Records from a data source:
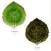 葉脈まで入って、本物の葉っぱのよう。 葉っぱのみずみずしいかんじが、ガラス質の釉薬で伝わってきます。
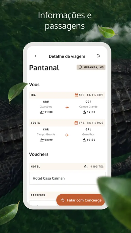 Nosso APP organiza todas as informações necessárias para que sua jornada seja memorável, como localizadores de voos, vouchers de hotéis e de passeios contratados.
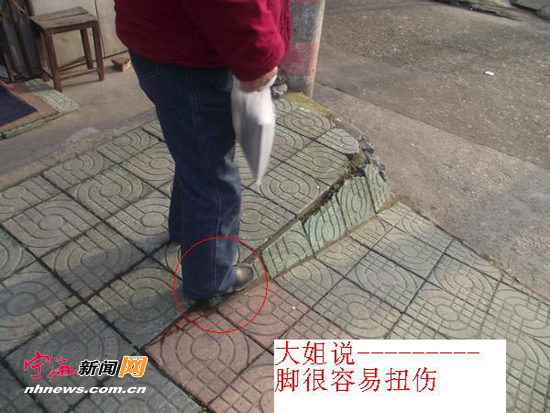 千万小心哦!北大街20弄等弄口的人行道……
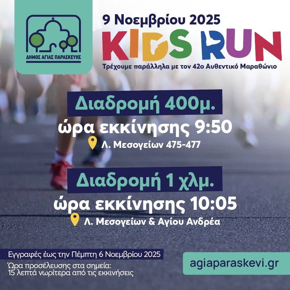 Στο πλαίσιο του 42ου Αυθεντικού Μαραθωνίου της Αθήνας, ο Δήμος Αγίας Παρασκευής διοργανώνει την Κυριακή 9 Νοεμβρίου 2025 τον δικό του Αγώνα Δρόμου Μικρών Παιδιών, δίνοντας στους μαθητές των Δημοτικών Σχολείων της πόλης την ευκαιρία να ζήσουν τη χαρά της συμμετοχής και του ευ αγωνίζεσθαι.
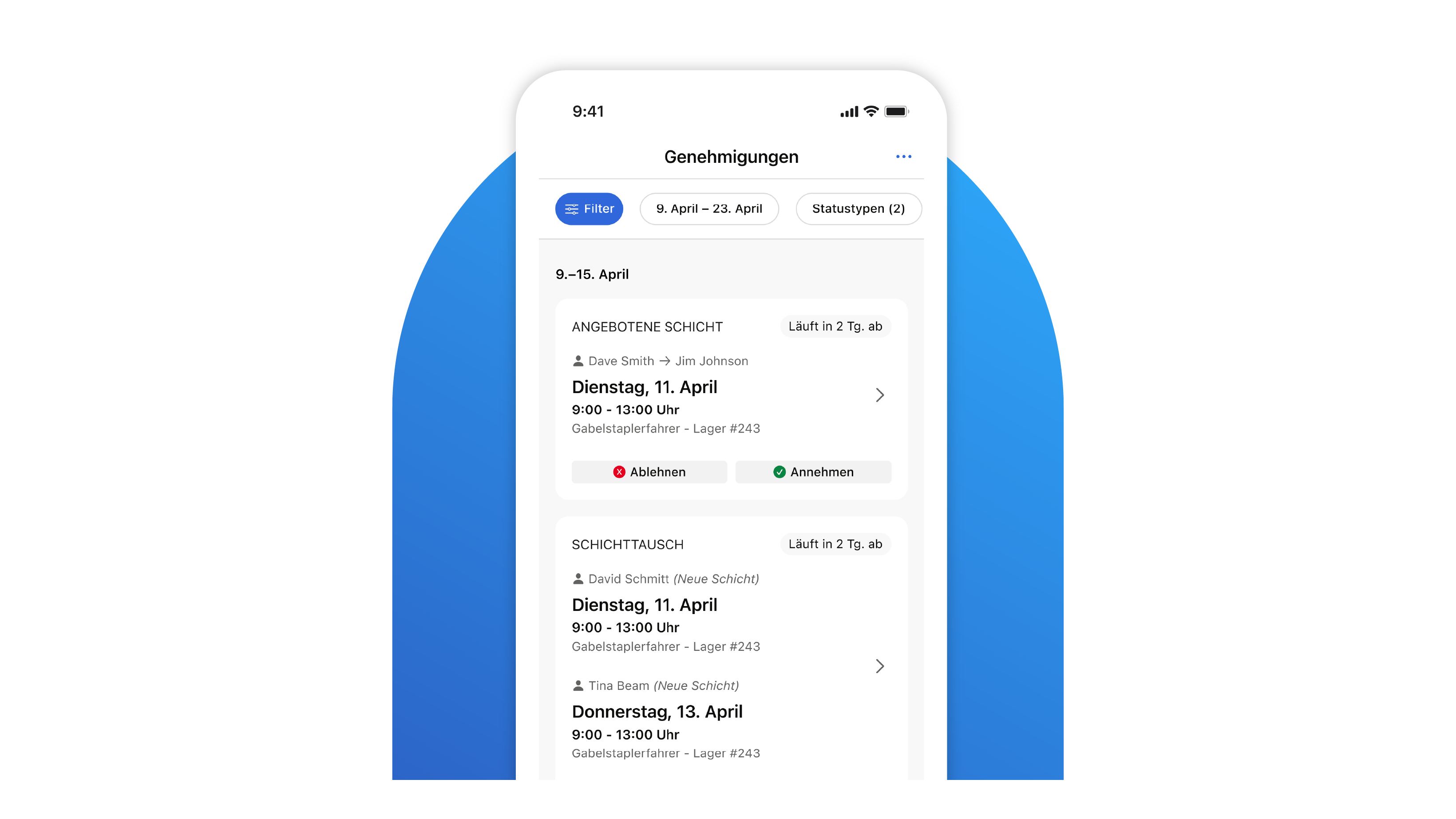 Über die App können Ihre Mitarbeiter ihre Verfügbarkeit aktualisieren, ihren Schichtplan überprüfen, sich für Benefits registrieren und vieles mehr.Â
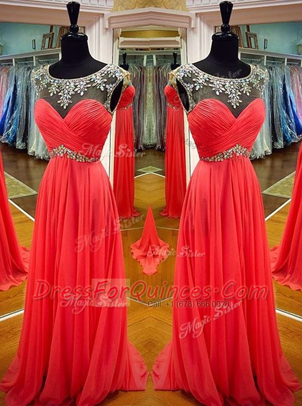 Custom Design Scoop Backless Coral Red Sleeveless Sashes ribbons Floor Length Prom Dresses
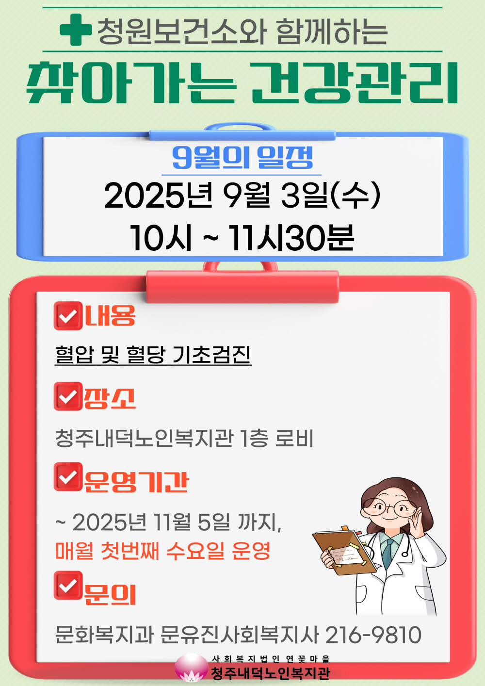 청주내덕노인복지관에서는 8월 한 달 쉬어갔던 찾아가는 복지관 건강관리가 9월 3일(수) 10시 다시 시작됩니다. 청원보건소와 함께 진행되며 혈압과 혈당검사가 진행됩니다. 사전접수가 아닌 당일 현장접수로 순차적으로 진행되며, 11시30분까지 진행되는 점 참고 부탁드립니다. 복지관 이용회원님들의 꾸준한 건강관리를 위해 찾아가는 복지관 건강관리는 11월까지 매월 첫번째주 수요일마다 진행되오니 일정에 참고바랍니다. 자세한 내용은 사진을 참고해주시고 문의사항은 문화복지과(043-216-9810) 문유진사회복지사를 찾아주세요. |
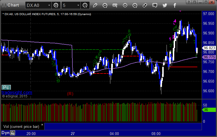 Here’s a look at the US Dollar Index intraday with our market directional lines:
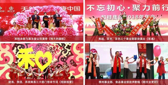 和桂集團本部及源生堂來來的開場舞《偉大旗幟》氣勢恢宏,源生堂人抱著堅定的信心,凝聚磅礴的力量,一起迎接養(yǎng)發(fā)新時代;財務+系統(tǒng)+物流帶來的舞蹈《相親相愛》展現(xiàn)了和桂大家庭的和諧與溫情??乒鹕坛?百貨+百色舞蹈《軍魂》,跳出了和桂人鋼鐵般堅韌的軍人意志力和軍魂。怡桂+食品《明天會更好》表達了全體員工“共創(chuàng)和桂輝煌明天”的美好愿望。
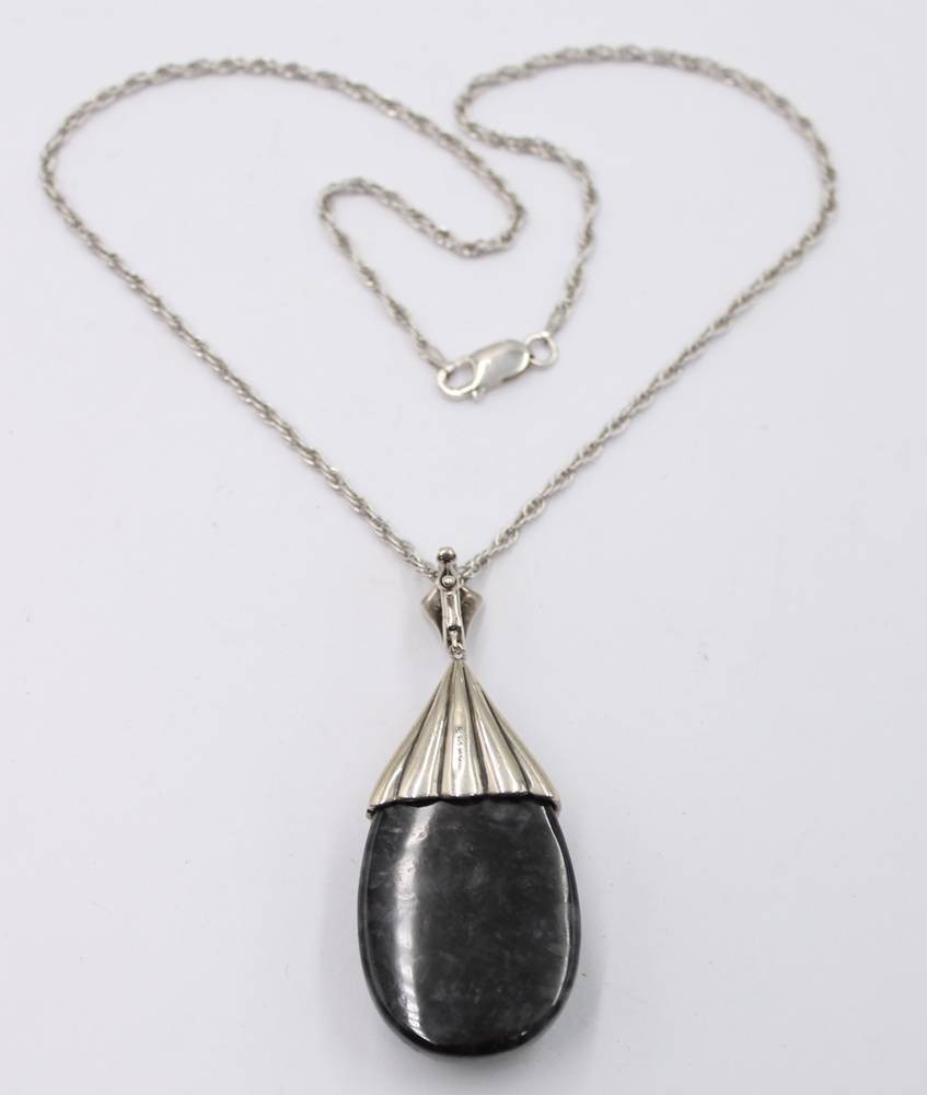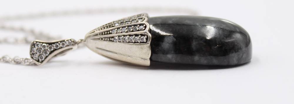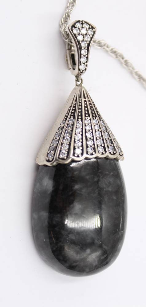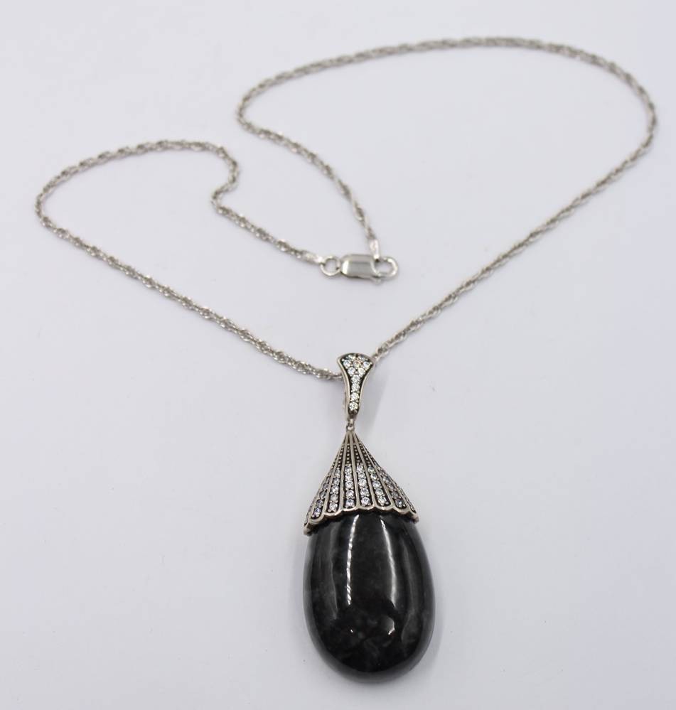 gr. Anhänger in 925er Fassung an 925er Halskette, Fassung besetzt mit klaren Steinen, ca. L-44cm, Anh. L-6,5cm [1]
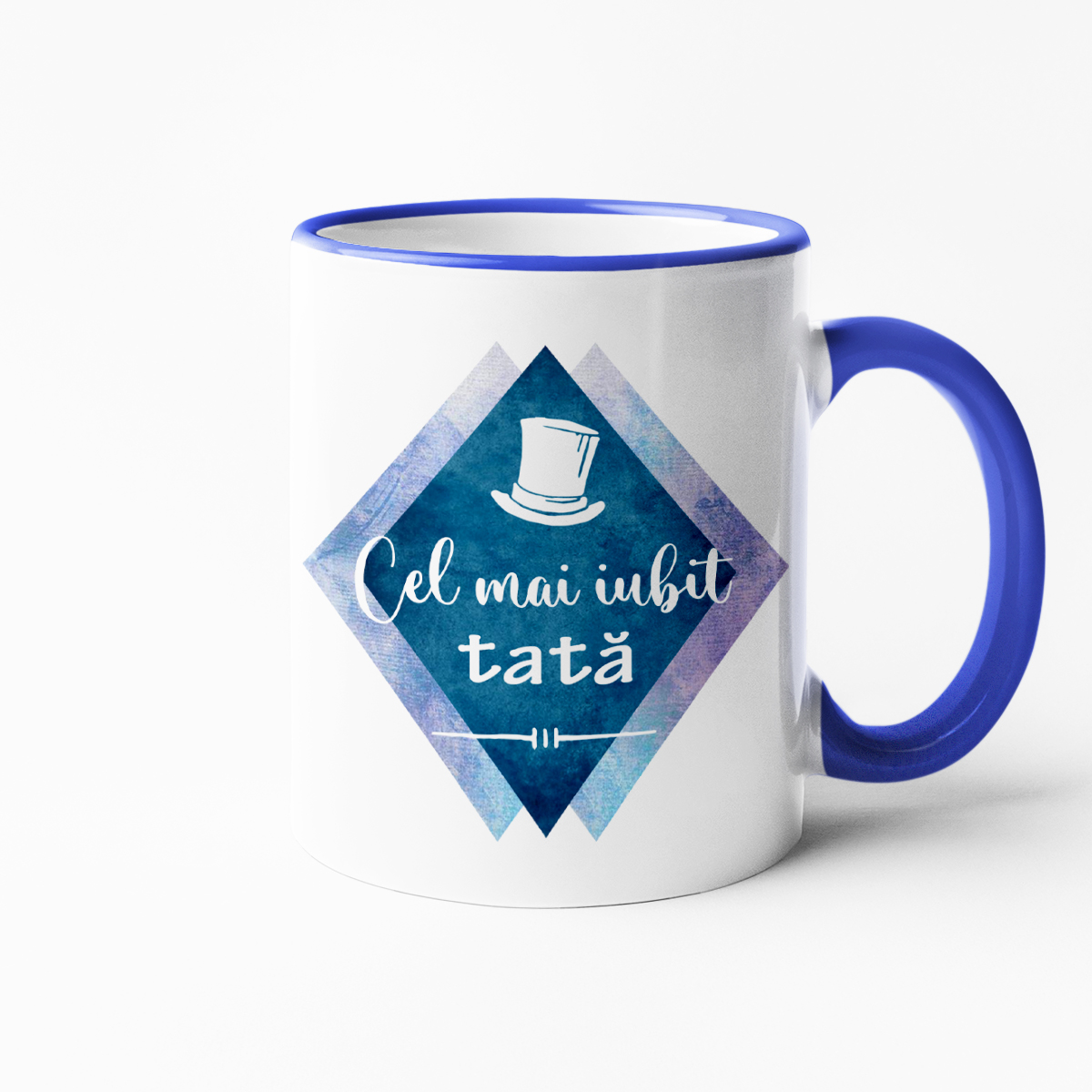 - Cană cu margine colorată - acest model iese în evidență prin designul său elegant: margine și mâner subtil colorate, care conferă cană jucăușă și evidențiază perfect inscripția unică.

#### EXERCISE PROMPT
In the records above, transcribe exactly the lines from the one containing "Στο πλαίσιο του" through the last line, both included, and skip the pictures.

#### EXPECTED OUTPUT
 Στο πλαίσιο του 42ου Αυθεντικού Μαραθωνίου της Αθήνας, ο Δήμος Αγίας Παρασκευής διοργανώνει την Κυριακή 9 Νοεμβρίου 2025 τον δικό του Αγώνα Δρόμου Μικρών Παιδιών, δίνοντας στους μαθητές των Δημοτικών Σχολείων της πόλης την ευκαιρία να ζήσουν τη χαρά της συμμετοχής και του ευ αγωνίζεσθαι.
 Über die App können Ihre Mitarbeiter ihre Verfügbarkeit aktualisieren, ihren Schichtplan überprüfen, sich für Benefits registrieren und vieles mehr.Â
 Custom Design Scoop Backless Coral Red Sleeveless Sashes ribbons Floor Length Prom Dresses
 청주내덕노인복지관에서는 8월 한 달 쉬어갔던 찾아가는 복지관 건강관리가 9월 3일(수) 10시 다시 시작됩니다. 청원보건소와 함께 진행되며 혈압과 혈당검사가 진행됩니다. 사전접수가 아닌 당일 현장접수로 순차적으로 진행되며, 11시30분까지 진행되는 점 참고 부탁드립니다. 복지관 이용회원님들의 꾸준한 건강관리를 위해 찾아가는 복지관 건강관리는 11월까지 매월 첫번째주 수요일마다 진행되오니 일정에 참고바랍니다. 자세한 내용은 사진을 참고해주시고 문의사항은 문화복지과(043-216-9810) 문유진사회복지사를 찾아주세요. |
 Here’s a look at the US Dollar Index intraday with our market directional lines:
 和桂集團本部及源生堂來來的開場舞《偉大旗幟》氣勢恢宏,源生堂人抱著堅定的信心,凝聚磅礴的力量,一起迎接養(yǎng)發(fā)新時代;財務+系統(tǒng)+物流帶來的舞蹈《相親相愛》展現(xiàn)了和桂大家庭的和諧與溫情??乒鹕坛?百貨+百色舞蹈《軍魂》,跳出了和桂人鋼鐵般堅韌的軍人意志力和軍魂。怡桂+食品《明天會更好》表達了全體員工“共創(chuàng)和桂輝煌明天”的美好愿望。
 gr. Anhänger in 925er Fassung an 925er Halskette, Fassung besetzt mit klaren Steinen, ca. L-44cm, Anh. L-6,5cm [1]
 - Cană cu margine colorată - acest model iese în evidență prin designul său elegant: margine și mâner subtil colorate, care conferă cană jucăușă și evidențiază perfect inscripția unică.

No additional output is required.